After nine years of Liberal budgets, everyone agrees that Canada is a mess. Listening to the Prime Minister over the last few weeks, we have heard him say just how broken he believes that this country has become since he became the Prime Minister. His admissions have been frank. He has said that Canada is no longer fair for Canadians. He said that life sucks under his leadership. He has said, “It used to be that the deal was, if you worked hard at a good job, you could afford a home. That doesn't seem the case anymore.”

He has talked about the hardship that he has caused:

In today's Canada, more people are renting than ever before and that number is growing at double the rate of those able to buy a new home compared to a decade ago. Nearly two thirds of young Canadians rent their homes and they spend a greater share of their income on housing than other generations.

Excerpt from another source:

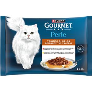 Gourmet Perle Trionfo di Salsa - Cibo Umido per Gatti con Manzo e Pollo, Multipack 4x85g
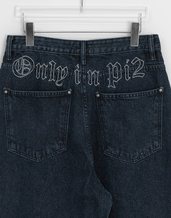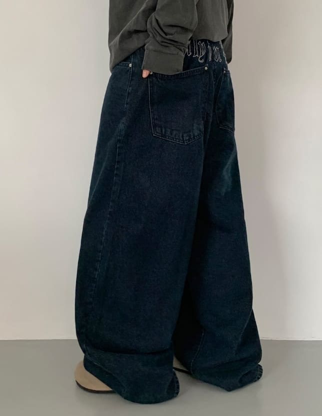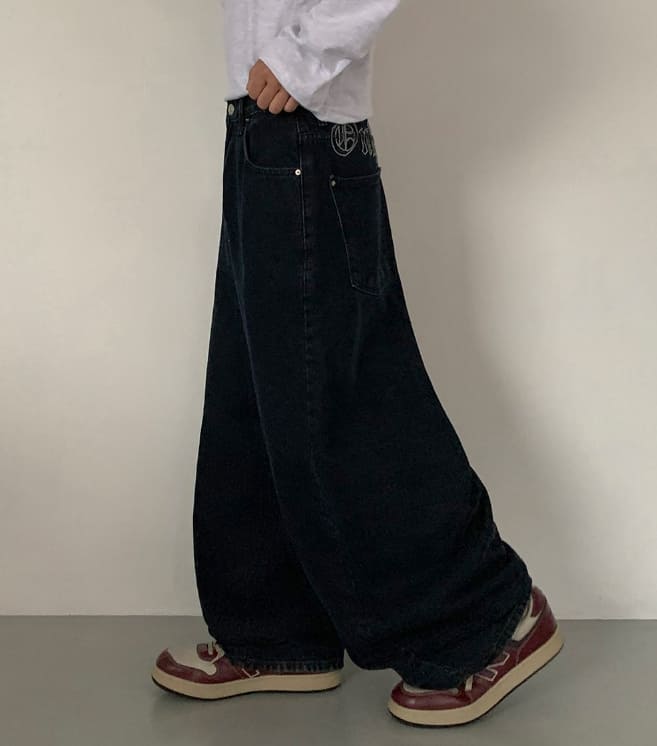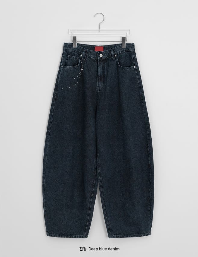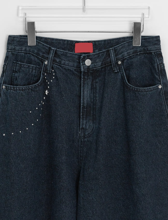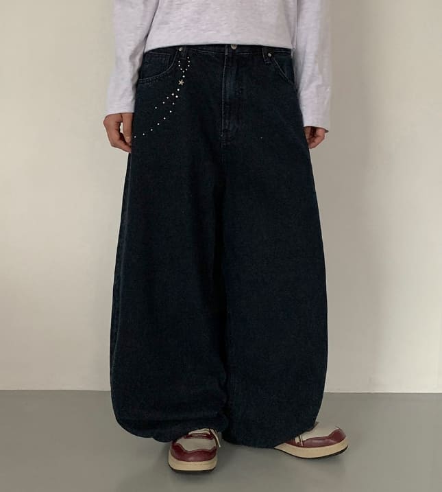 Hendelo Star Rivet Embroidery Balloon Denim Wide Pants

He has talked about the desperation that he has caused: “The idea of a really strong, exciting future seems further and further away now than it did just a few years ago...[the] loss of hope and optimism is devastating for people's morale.” He also said:

Maybe young people want to start a family, but they don't know how they can afford something bigger than a one-bedroom apartment and with the costs of groceries, monthly bills and all the other realities of life going up, up, up, well, that can make it hard to save for the future, hard to get ahead.

The Prime Minister is right. Over the past nine years, Canadians' lives have become harder. People are suffering more today than at any other time in recent generations.

Over two million Canadians are lining up at food banks every month because they cannot afford to feed themselves. There are networks of Canadians sharing tips on how to dumpster-dive because they do not have enough money to pay for food. Mothers are adding water to their kids' milk so that it will go further. Homeless encampments are now popping up in communities that have never witnessed this type of homelessness or hopelessness before. Seniors are turning down the heat in their homes during freezing winters because they are unable to afford to heat their home anymore.

Canadians are suffering, and the Prime Minister has been forced to admit it, but he seems curiously oblivious as to how all of this happened. At least he wants people to believe he has not intentionally devastated their lives. He seems legitimately dumbfounded by it all. I half expect him to launch an inquiry to try to figure out who did this to Canada. Who has been in charge for the past nine years?

It is not a secret: He did it. His recklessness and extremist economic policies have devastated the lives of Canadians of every generation across this country. Over the past nine years, he has doubled the national debt, driving inflation to 40-year highs and forcing interest rates to skyrocket faster than at any other time in our history. Over the past nine years, he has made it easier on his wealthy friends to become wealthier, while the middle class and those trying to join it no longer dream of doing better. They just hope that they can survive.

Seriously, over the past nine years, the Prime Minister has added more to the national debt than every other prime minister before him combined. That is a staggering stat. He has doubled the national debt in Canada in just nine years. He has added more to the debt while he has been Prime Minister than all 22 previous prime ministers added together over 147 years.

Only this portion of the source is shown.